> [DATA]
• • •

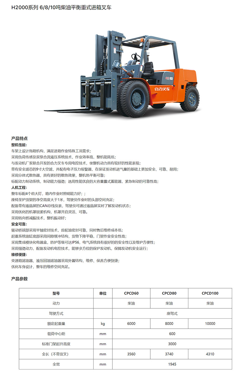 H2000系列6-8-10吨柴油平衡重式进箱叉车
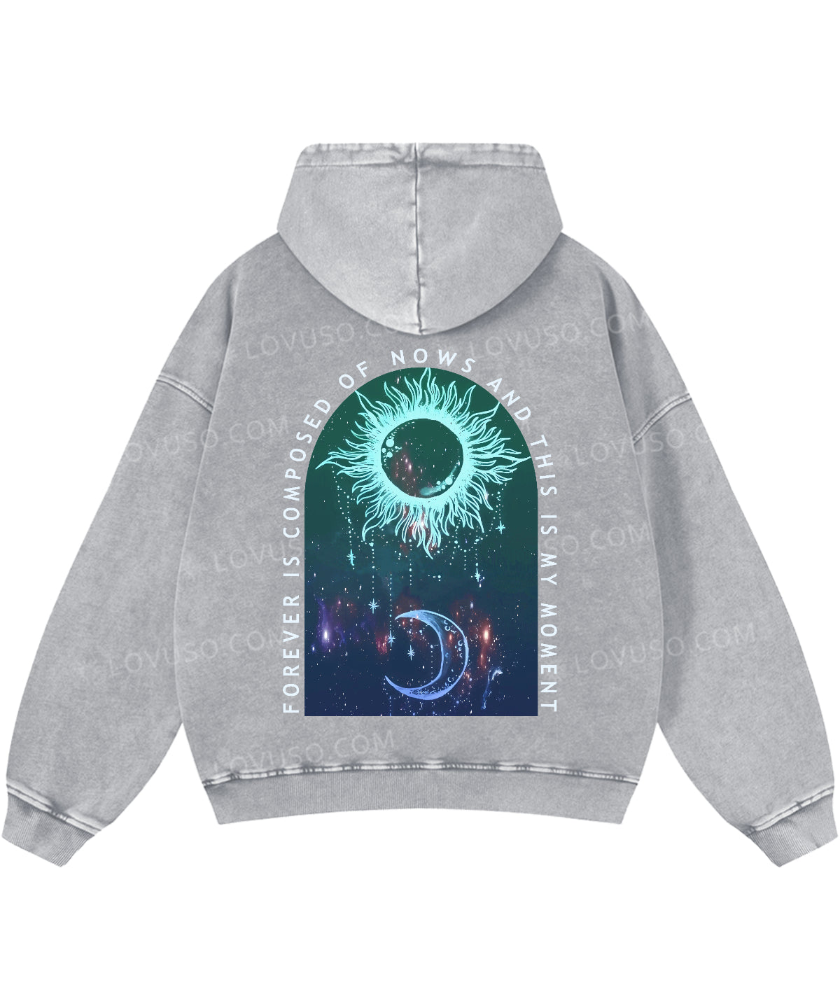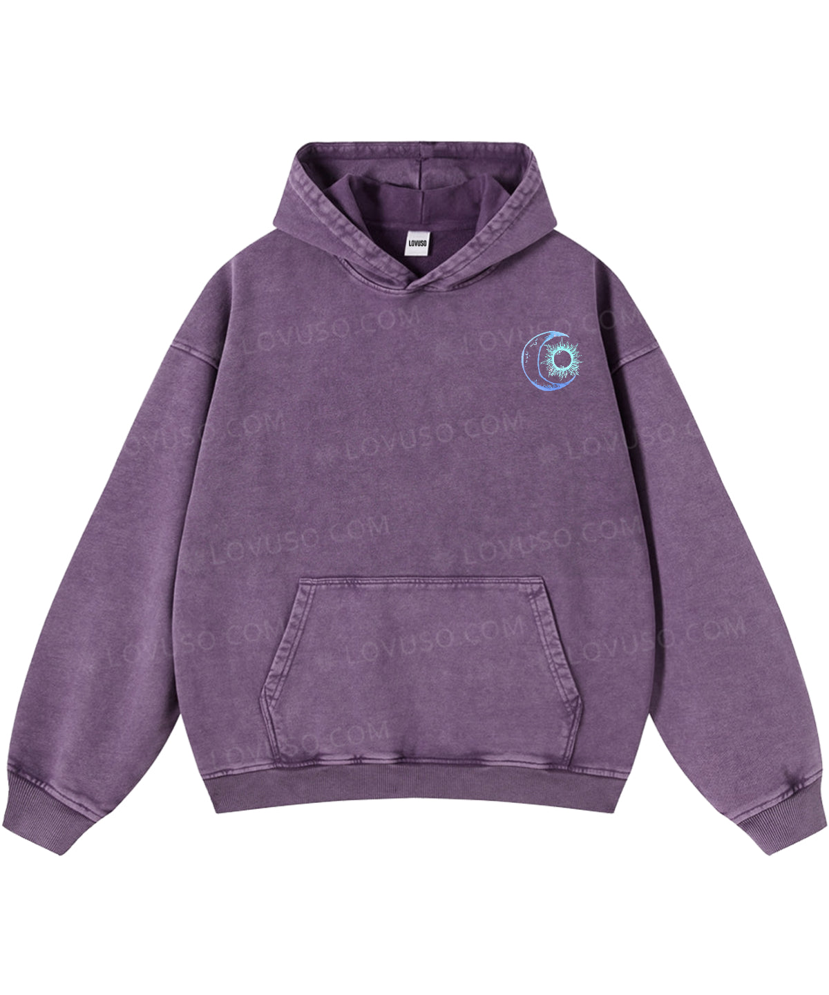 Spiritual Sun Moon Double Sided Washed Hoodie
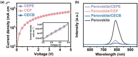 Later on, we further recorded steady-state PL spectra of different fullerene films deposited on the perovskite films. The PL quenching situation showing that all three fullerene compounds can be good ETMs for the PSCs is shown in Figure 2b. In particular, the CECB exhibited the best PL quenching ability, followed by CEP and then CEPE, indicating the superiority of the CECB, which was consistent with the electron mobility. We attributed these differences in photoelectric properties to the different fullerene structures with respect to the lengths and steric hindrance of side chains on the convex of fullerene cages [,].

• • •

> [ASSIGNMENT] Without including any images, output the data exactly as given.

> [FINISHED TASK]
 H2000系列6-8-10吨柴油平衡重式进箱叉车
 Spiritual Sun Moon Double Sided Washed Hoodie
 Later on, we further recorded steady-state PL spectra of different fullerene films deposited on the perovskite films. The PL quenching situation showing that all three fullerene compounds can be good ETMs for the PSCs is shown in Figure 2b. In particular, the CECB exhibited the best PL quenching ability, followed by CEP and then CEPE, indicating the superiority of the CECB, which was consistent with the electron mobility. We attributed these differences in photoelectric properties to the different fullerene structures with respect to the lengths and steric hindrance of side chains on the convex of fullerene cages [,].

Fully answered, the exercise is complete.